Personal Finance

How to Give Your Time, Talent, and Treasure

What mark do you want to leave on the world? What are the values that drive you? What matters most? Whether it's your time, talent, or treasure, giving back can be one of life's greatest rewards.

Philanthropy is being democratized and the individual donor has never been more empowered to make a difference. With just $25, you can make a micro-donation to a smallholder farmer in Peru, help cover upfront costs to build a girls' school in Pakistan, or invest in a diversified portfolio of nonprofits, microfinance institutions, and social enterprises. You can also help support a cause without spending any money at all by joining a campaign or volunteering.
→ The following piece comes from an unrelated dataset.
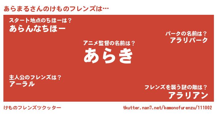 | ポケモン風あだ名 | 『アーライ』『ヒアラマル』 |
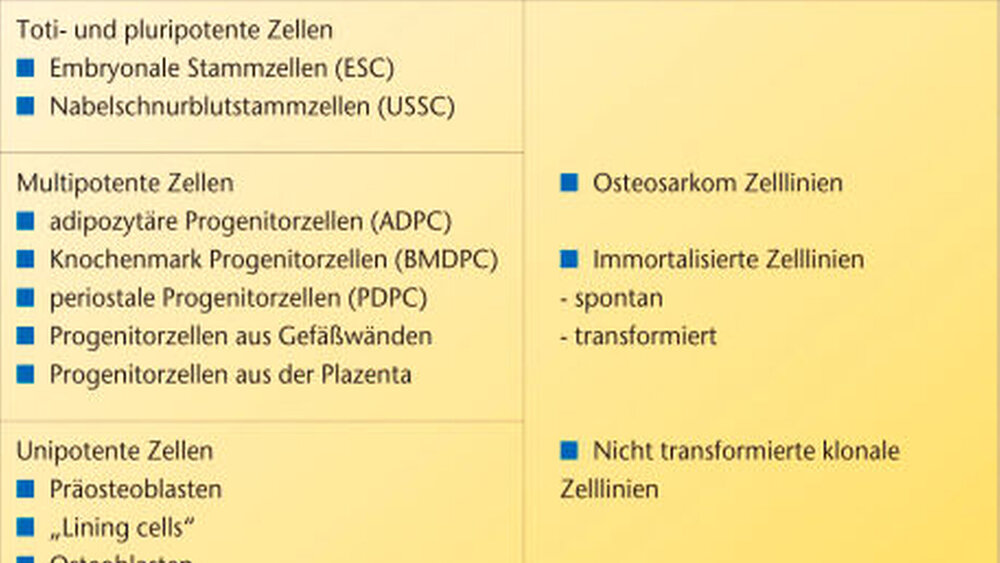 Zellarten, die beim „Tissue Engineering“ Verwendung finden, können autologen, allogenen oder xenogenen Ursprungs sein. Diese Kategorien können noch entsprechend ihrer Differenzierungskapazität in ausdifferenzierte (Osteoblasten), multipotente, pluripotente und totipotente Zelllinien unterteilt werden. Im Gegensatz zu totipotenten Zellen, die einen kompletten Organismus generieren können, können sich pluripotente Zelllinien in Zellen aller drei Keimblätter differenzieren. Ihnen fehlt aber die Kompetenz, einen komplexen Gesamtorganismus zu bilden.

With so many ways to give, it's important to be strategic about your philanthropy so you can make the most of your contributions. Once you know what you want to accomplish, it's time to think about how you can put your time, talent, and/or treasure to work. In this article, we lay out a framework to help you determine your own approach to giving.

Clarifying why you give

No matter how you give, the "why" is the foundation of your philanthropic journey. To help clarify the purpose of your giving, try crafting a philanthropic mission statement. If you have yet to create one, reach out to your FA to learn more about how this exercise can help establish your personal giving framework.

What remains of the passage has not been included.